▶ What you are asked to do:
If a record holds a picture, drop the picture and return the rest of the record word for word.

▶ Recorded data:

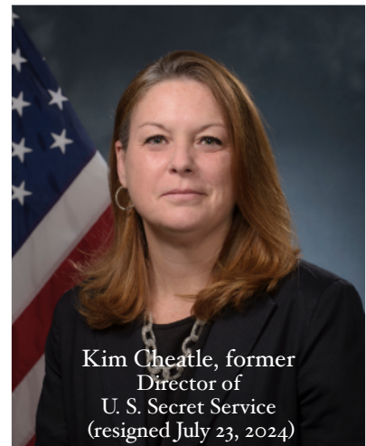
Kim Cheatle, former Director of U. S. Secret Service (resigned July 23, 2024)
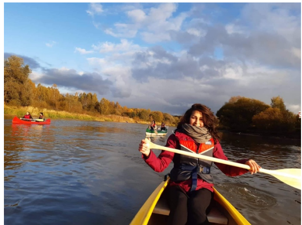
13. picture: Kayaking on the Emajõgi river
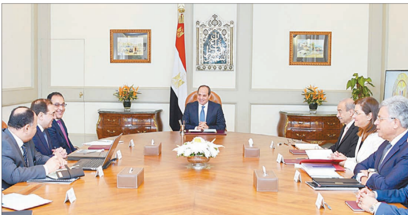
PRESIDENT Abdel Fattah El Sisi during his meeting yesterday with Prime Minister Dr Moustafa Madbouli, the Assistant to the President for National and Strategic Projects, Sherif Ismail, Petroleum Minister Tarek el-Mulla, Planning Minister Dr Hala el-Saeed, Finance Minister Mohamed Maeet and the head of the Administrative Control Authority, Mohamed Erfan.

President Sisi also called for the adoption of whichever measures deemed necessary for ensuring the availability of such an atmosphere that would be conducive to the attraction of more investments in search and exploration activities, thereby contributing to the expansion of oil
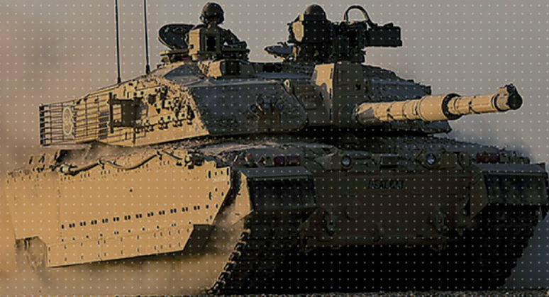
Armoured fighting vehicle without Dust Skirts

Permali's dust skirts are designed to provide the optimum balance between stiffness and flexibility from a synthetic fire-retardant rubber composite designed for Armoured Fighting Vehicles (AFVs). The system ensures the operational risks caused by sand and dust are mitigated; Permali's dust skirts can also be applied to wheeled AFVs.
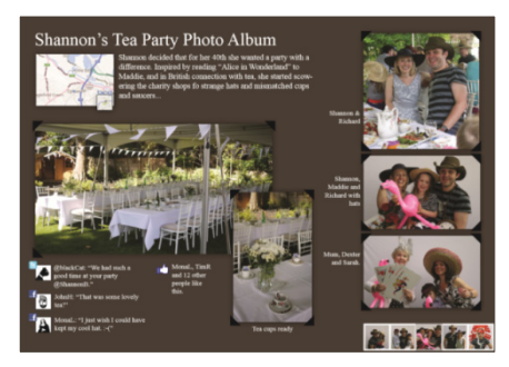
Figure 2b. Envisionment sketch of a photo album crafted out of various online media.
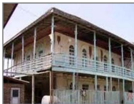
Figure 1: Using Wood in Warm and Humid Areas

In warm and humid areas, it is better to use the materials that have less thermal mass and don't store heat in themselves. Climatically, the basic problem is the extreme heat and it is not a right thing to store the warmth of day for night. Due to this fact wood is the best material in these areas since it transfers heat slowly and the absorbed heat during the day remains on the surface of wood and during the night with a relatively cool breeze it loses its heat [Viseh Sohrab et al., 1388].
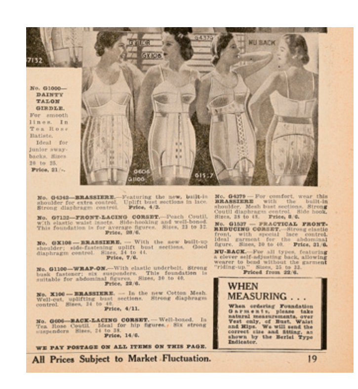
Figure 6. 1938 Catalogue advertisement for corsets.

By the last catalogue, in 1938, the types of corsets had changed, and also perhaps their functions. The drawings are of fuller figure models, and texts such as that for the "G6543 'Corselette'" in "'tea rose batiste'", may feature "a strong underbelt" designed for the "abdominal figure"<sup>22</sup> (see Figure 6). The adult female body still required to be moulded into a shape approaching the ideal for the day, and also, perhaps, to control any public display of fleshy curves underneath. There is less emphasis on the 'bust' and hips, again exemplifying a change in what the fashionable figure was like. By the 30s 'talkies' had arrived, Hollywood films were widely viewed, and popular actresses like Katharine Hepburn and Joan Crawford were slim and willowy, embodying that change.
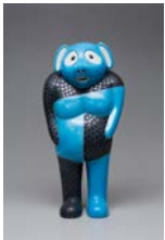
Untitled, Tanuki 2014 glazed raku ceramics 33" x 16" x 12"
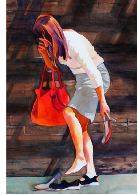
"A New York Moment"

I have three DVDs from Martin F. Weber Company that are just now available. In these DVDs I will be explaining and demonstrating the "New Anne" by taking you through the steps of computer enhancement and the mixing and painting of the picture.
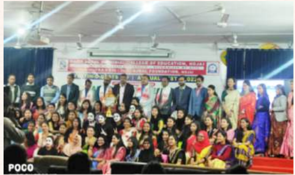
B. Ed. Batch 2021-23
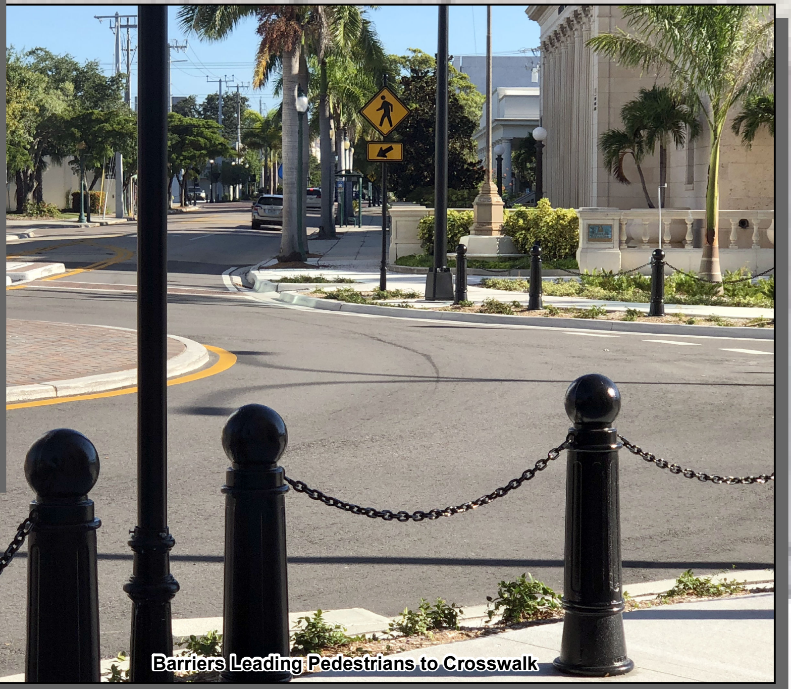
Barriers Leading Pedestrians to Crosswalk

Reference Base map comprised of Google Earth aerial imagery from 08/07/16. Not to Scale Providence Drawing No. 040-012-001-C181
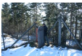
2009: Cemetery Evaluation
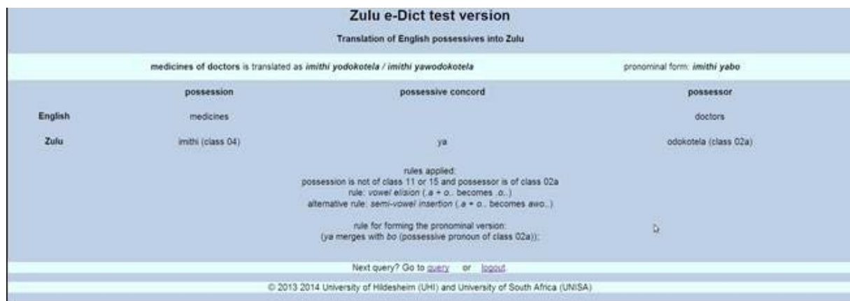
Figure 5: Webpage resulting from a query with a noun of class 2a as possessor (usually beginning with o-) and a noun of a class where the possessive concord ends in -a as possession.

deem correct in one of the next versions of the dictionary. The system is then to compare the user’s input with the correct output and, in a first stage, it will inform the user whether his/her input was correct or not. However, we will ask each user whether (s)he will give his/her consent to store the given data. If this consent is given, the input plus the attempted and the correct output will both be stored in a log file. We hope that these data will help to investigate typical learners’ mistakes and incorrect generalizations. Depending on the output, we hope that in future the system can be enabled to dynamically offer appropriate feedback. These feedback messages, like the log file, are not planned to be personalized, but will only depend on the given inputs.
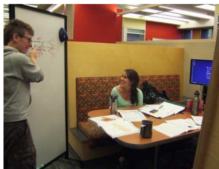
University of Pennsylvania
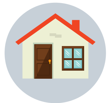
Stay at home if you're sick

▶ Task result:
Kim Cheatle, former Director of U. S. Secret Service (resigned July 23, 2024)
13. picture: Kayaking on the Emajõgi river
PRESIDENT Abdel Fattah El Sisi during his meeting yesterday with Prime Minister Dr Moustafa Madbouli, the Assistant to the President for National and Strategic Projects, Sherif Ismail, Petroleum Minister Tarek el-Mulla, Planning Minister Dr Hala el-Saeed, Finance Minister Mohamed Maeet and the head of the Administrative Control Authority, Mohamed Erfan.

President Sisi also called for the adoption of whichever measures deemed necessary for ensuring the availability of such an atmosphere that would be conducive to the attraction of more investments in search and exploration activities, thereby contributing to the expansion of oil
Armoured fighting vehicle without Dust Skirts

Permali's dust skirts are designed to provide the optimum balance between stiffness and flexibility from a synthetic fire-retardant rubber composite designed for Armoured Fighting Vehicles (AFVs). The system ensures the operational risks caused by sand and dust are mitigated; Permali's dust skirts can also be applied to wheeled AFVs.
Figure 2b. Envisionment sketch of a photo album crafted out of various online media.
Figure 1: Using Wood in Warm and Humid Areas

In warm and humid areas, it is better to use the materials that have less thermal mass and don't store heat in themselves. Climatically, the basic problem is the extreme heat and it is not a right thing to store the warmth of day for night. Due to this fact wood is the best material in these areas since it transfers heat slowly and the absorbed heat during the day remains on the surface of wood and during the night with a relatively cool breeze it loses its heat [Viseh Sohrab et al., 1388].
Figure 6. 1938 Catalogue advertisement for corsets.

By the last catalogue, in 1938, the types of corsets had changed, and also perhaps their functions. The drawings are of fuller figure models, and texts such as that for the "G6543 'Corselette'" in "'tea rose batiste'", may feature "a strong underbelt" designed for the "abdominal figure"<sup>22</sup> (see Figure 6). The adult female body still required to be moulded into a shape approaching the ideal for the day, and also, perhaps, to control any public display of fleshy curves underneath. There is less emphasis on the 'bust' and hips, again exemplifying a change in what the fashionable figure was like. By the 30s 'talkies' had arrived, Hollywood films were widely viewed, and popular actresses like Katharine Hepburn and Joan Crawford were slim and willowy, embodying that change.
Untitled, Tanuki 2014 glazed raku ceramics 33" x 16" x 12"
"A New York Moment"

I have three DVDs from Martin F. Weber Company that are just now available. In these DVDs I will be explaining and demonstrating the "New Anne" by taking you through the steps of computer enhancement and the mixing and painting of the picture.
B. Ed. Batch 2021-23
Barriers Leading Pedestrians to Crosswalk

Reference Base map comprised of Google Earth aerial imagery from 08/07/16. Not to Scale Providence Drawing No. 040-012-001-C181
2009: Cemetery Evaluation
Figure 5: Webpage resulting from a query with a noun of class 2a as possessor (usually beginning with o-) and a noun of a class where the possessive concord ends in -a as possession.

deem correct in one of the next versions of the dictionary. The system is then to compare the user’s input with the correct output and, in a first stage, it will inform the user whether his/her input was correct or not. However, we will ask each user whether (s)he will give his/her consent to store the given data. If this consent is given, the input plus the attempted and the correct output will both be stored in a log file. We hope that these data will help to investigate typical learners’ mistakes and incorrect generalizations. Depending on the output, we hope that in future the system can be enabled to dynamically offer appropriate feedback. These feedback messages, like the log file, are not planned to be personalized, but will only depend on the given inputs.
University of Pennsylvania
Stay at home if you're sick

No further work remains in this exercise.